1. ## Predicting the chance of attendance for a given appointment time

Hi

I do work for a health screening programme that screens hundreds of thousands of diabetic patients every year to try to prevent blindness. These programs have been running for a number of years, so there is plenty of historical data to analyse.

I have been trying to think how to maximise the probability of a patient attending a given booked appointment time (and date) at a given location, given all of the historical data that I have.

For example, if my historical data told me that patients that are aged between 40 and 50 are much more likely to turn up for appointments booked after 3:00pm, then I would like offer them those appointment times.

Or perhaps patients from certain postcodes are more likely to turn up on certain days of the week.

I know that trends like this are present in the data - for example in some towns, older patients have bus passes that make public transport free in the afternoon, and this makes them much more likely to turn up in the afternoon.

So I guess the problem is that given a patient with a set of demographics/historical booking record, lets say:

- Date of birth x
- Post code y
- Years since diagnosis of diabetes z
- Registered GP
- Distance from home to location
- and perhaps some others

what is the probability that they will attend an appointment with the following variables:

- Date d
- Time t
- Location l

Given my historical data.

How would the probability change as I vary the date, time and location of the appointment?

If I could somehow work out these probabilities, I hope I could push up attendance and potentially save the sight of many people.

(Once I understand this a bit better, my absolute ideal would be for a computer to somehow be able to calculate an optimal appointment arrangement for a given set of patients given the historical data and their demographics, but lets park this for now).

My mathematical level is did UK A-Level Maths and got good grades, did Engineering degree (which was more calculus than probability), but then forgot it all!

I would really appreciate a few pointers, and I apologise if this is completely the wrong place to ask something like this.

Thank you!!

In general this can be considered as a regression problem.

You may consider the logistic regression model as your response is a probability.

Very interesting.
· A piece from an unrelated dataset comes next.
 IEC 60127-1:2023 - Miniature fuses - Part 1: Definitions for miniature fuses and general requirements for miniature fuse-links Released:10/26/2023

The first step and hurdle with most problems is getting the data and having a sufficient sample size. Fortunately you already have your data and question. Now comes how to use that data. From what you have written you need to start exploring the concept of regression analysis and once you start to get comfortable, work you way to hierarchical regression. This may take quite a bit of work and experience. I would also recommend contacting the closes major university (statistics or biostatistic department). This may be a great project for a biostatistics or epidemiology student to perform (as a thesis and potentilally free for you). You should also attempt to learn these concepts along the way as well for future sustainability for project.
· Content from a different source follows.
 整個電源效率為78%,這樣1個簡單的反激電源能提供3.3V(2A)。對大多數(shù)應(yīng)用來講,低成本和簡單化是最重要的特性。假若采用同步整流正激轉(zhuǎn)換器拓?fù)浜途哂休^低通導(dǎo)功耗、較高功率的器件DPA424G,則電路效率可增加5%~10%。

I agree with BGM that it sounds like a logistic regression problem. You could simply code 1=a patient arrived for their appointment and 0=they did not. Then using the variables you described (age, day of week, month...and so on) you could model the probability that someone of X years of age on Monday in March.....would show up.
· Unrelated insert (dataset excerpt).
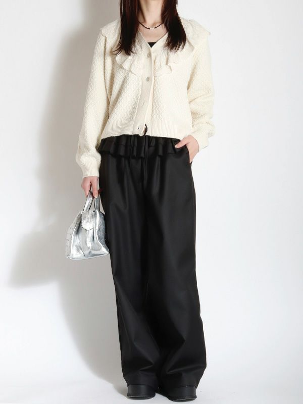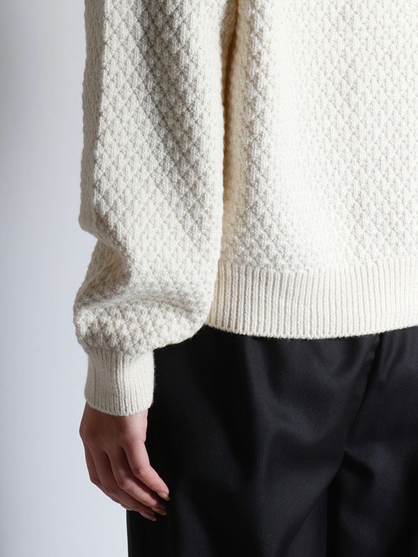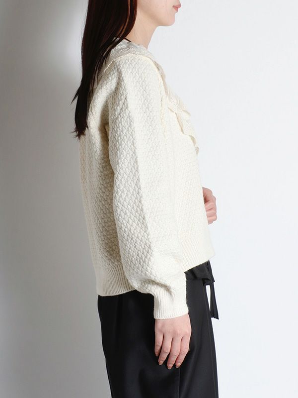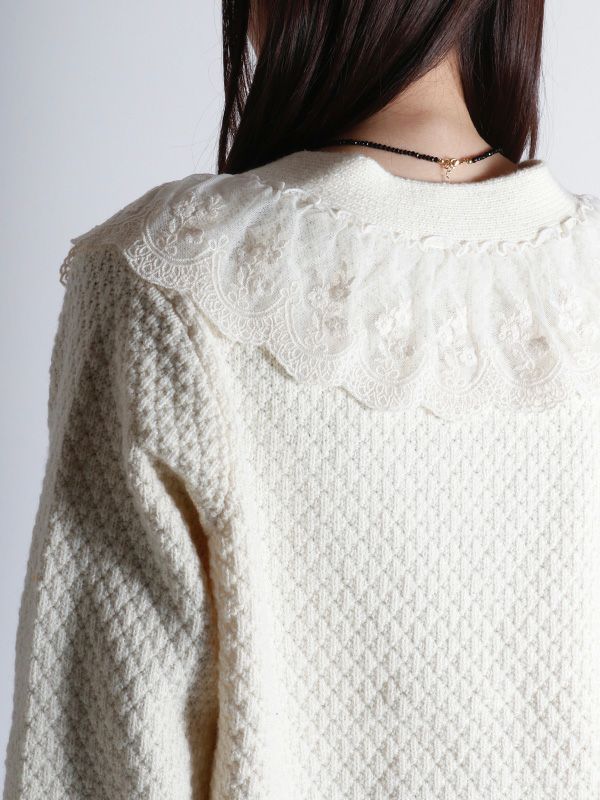 凹凸のある立体的なニット地の襟もとに大胆なレースカラーを施したニットカーディガン。フェミニンな印象ながらどこかヴィンテージ感も併せ持ったデザインです。襟付きのデザインが程よくクラシックで、ボタンを閉じてプルオーバーニットトップスとしても活躍します。デニムやカーゴでカジュアルに仕上げたり、スカートやワイドパンツと合わせて、甘さのある大人可愛いスタイルに纏めたコーディネートもおススメです。

Thanks for your kind responses. Sounds like I need a crash course in logistic regression... (anyone know a decent web based tutorial before I get Googling?)

I am based right next to the University of Cambridge, but it feels a bit like getting someone else to do it is the easy way out!

I think I would prefer to try myself - I hope I will really enjoy the journey.

What stats programs do you have or feel comfortable using? SAS, R, SPSS....?

I don't have any stats tools aside from Microsoft Excel and a lot of C/C#/C++ programming. Do I need to get one?